YOUR ASSIGNMENT
Print out the data precisely as it appears here, with no pictures.

INFORMATION PROVIDED
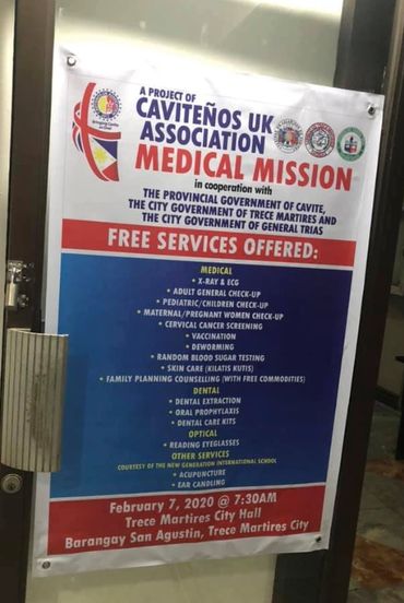 Over the past 5 years, Cavitenos UK Association has been actively hosting food feeding programs and medical mission to different areas of Cavite. Our charity was able to provide aid to more than 200 children and offer student scholarship to those in need. Cavitenos UK Association has also provided medical mission programmes to some parts of Cavite which includes Indang, Trece Martirez, Gen Tries & Alfonso. We continue to work hard despite the recent pandemic and our organization will continue to aid to our full extent where needed, whether it is back home or here in UK.
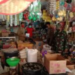 Landak – Babinsa Koramil Air Besar , Sertu Sayid Almie menunjukkan kepeduliannya dengan membagikan masker geratis kepada masyarakat di Pasar Serimbu Kecamatan
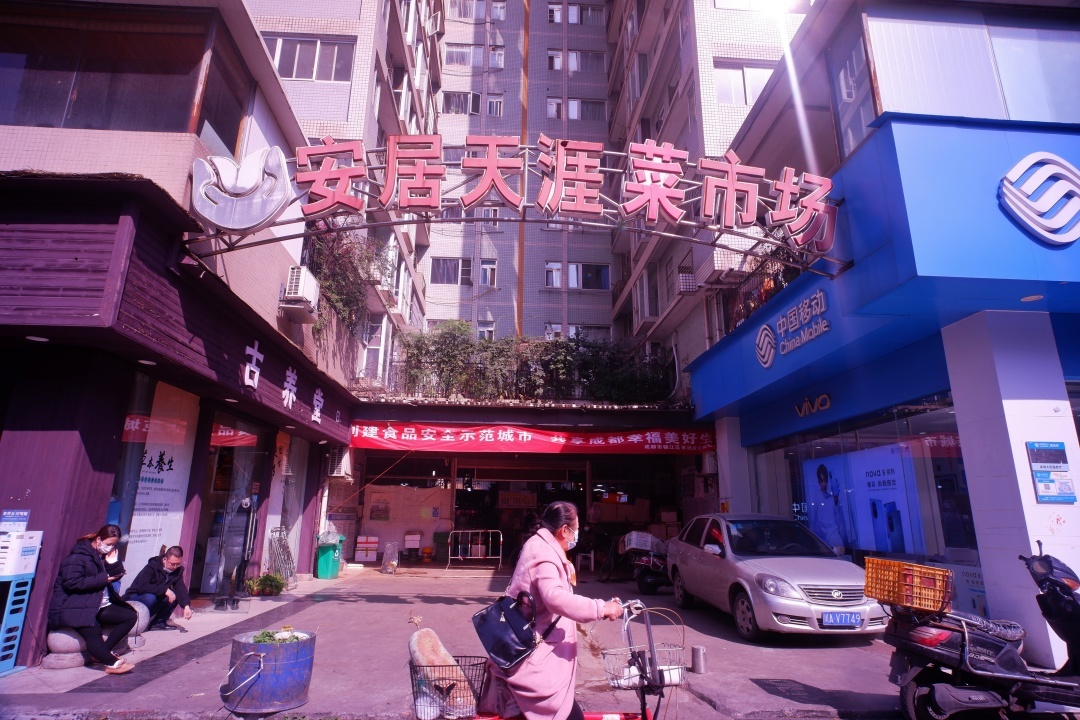 位于成都市锦江区武成大街的安居天涯菜市场,同样严格落实戴口罩、亮健康码的措施,工作人员都各司其职加强防控工作。
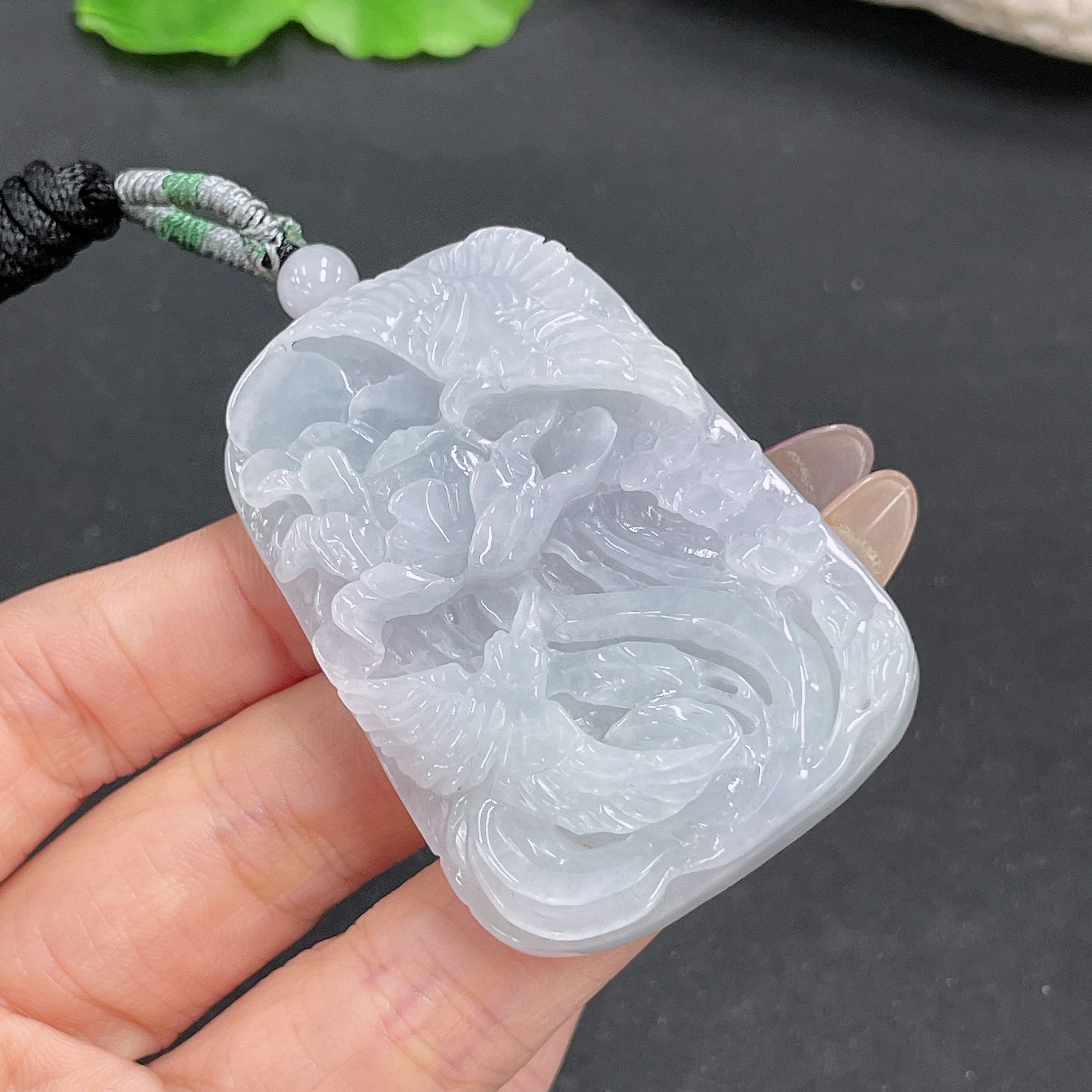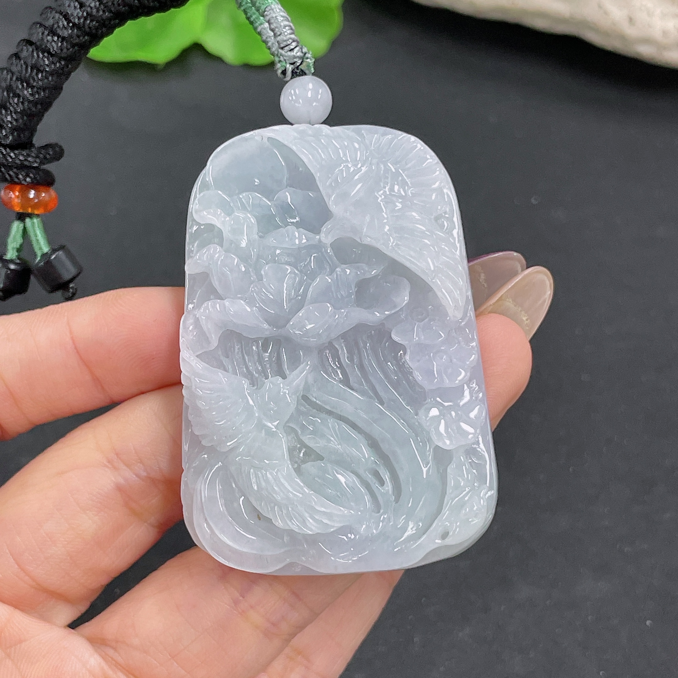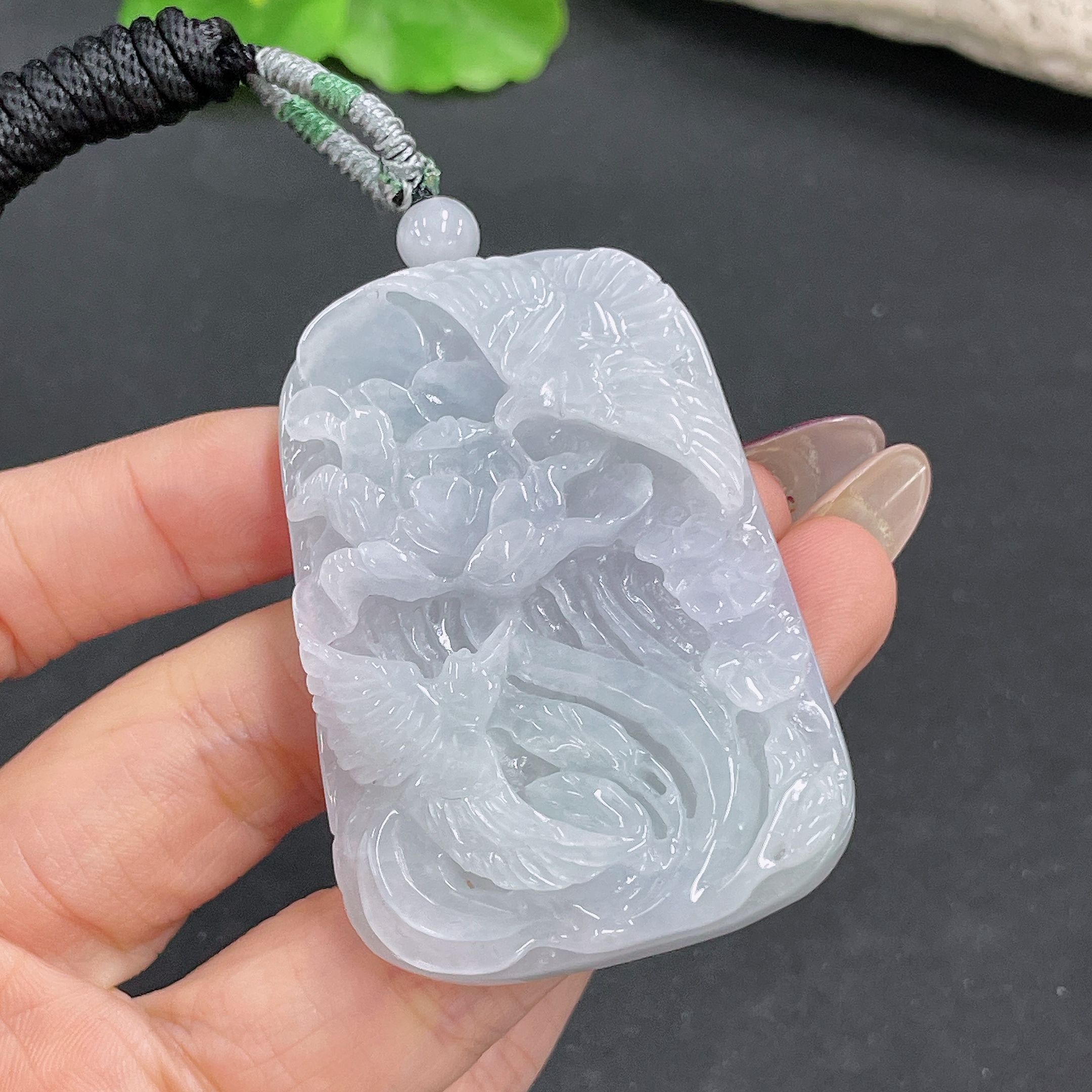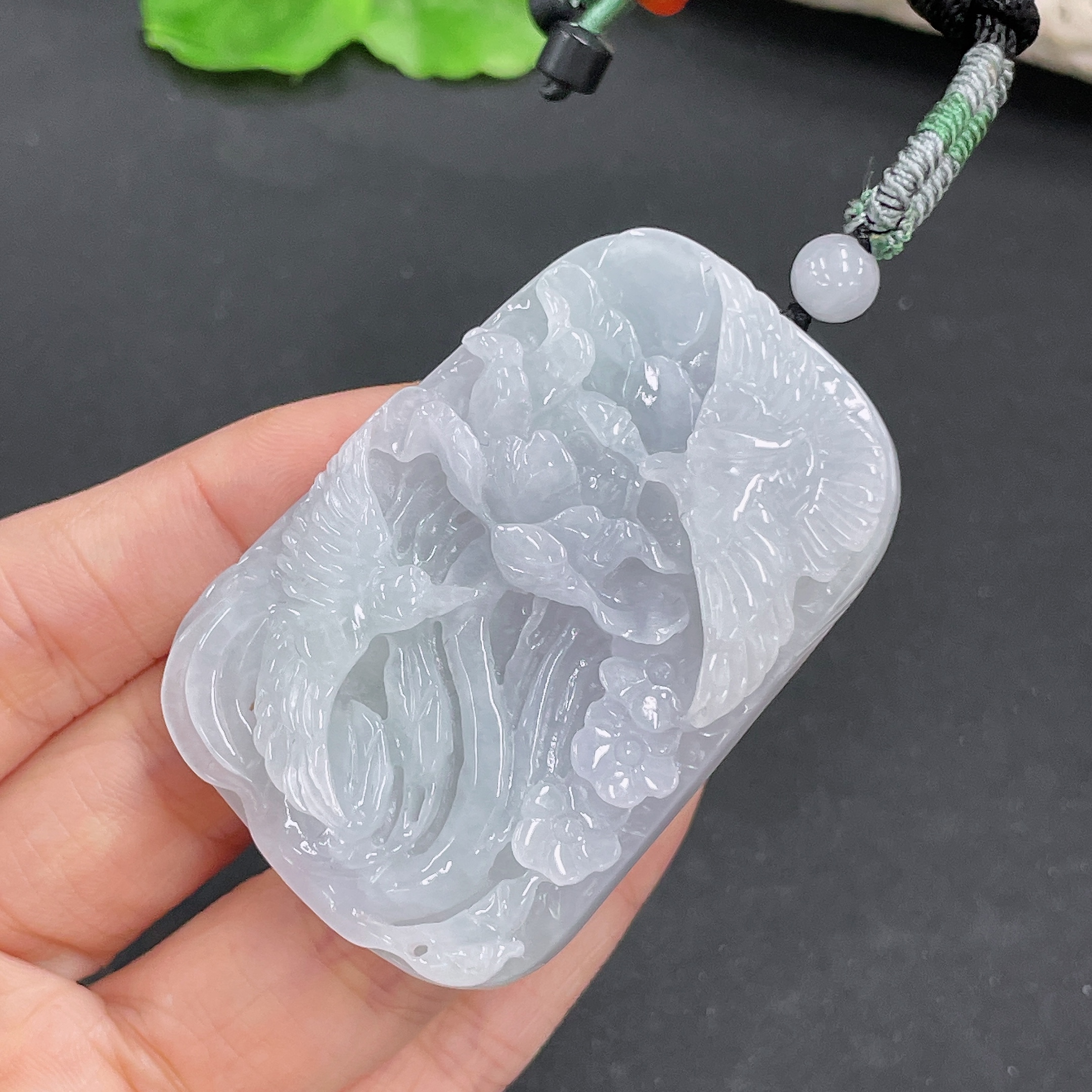 Jadeite Pendant Phoenix and Peony Design with Cord Total Weight Approx.50.72g

TASK RESULT
 Over the past 5 years, Cavitenos UK Association has been actively hosting food feeding programs and medical mission to different areas of Cavite. Our charity was able to provide aid to more than 200 children and offer student scholarship to those in need. Cavitenos UK Association has also provided medical mission programmes to some parts of Cavite which includes Indang, Trece Martirez, Gen Tries & Alfonso. We continue to work hard despite the recent pandemic and our organization will continue to aid to our full extent where needed, whether it is back home or here in UK.
 Landak – Babinsa Koramil Air Besar , Sertu Sayid Almie menunjukkan kepeduliannya dengan membagikan masker geratis kepada masyarakat di Pasar Serimbu Kecamatan
 位于成都市锦江区武成大街的安居天涯菜市场,同样严格落实戴口罩、亮健康码的措施,工作人员都各司其职加强防控工作。
 Jadeite Pendant Phoenix and Peony Design with Cord Total Weight Approx.50.72g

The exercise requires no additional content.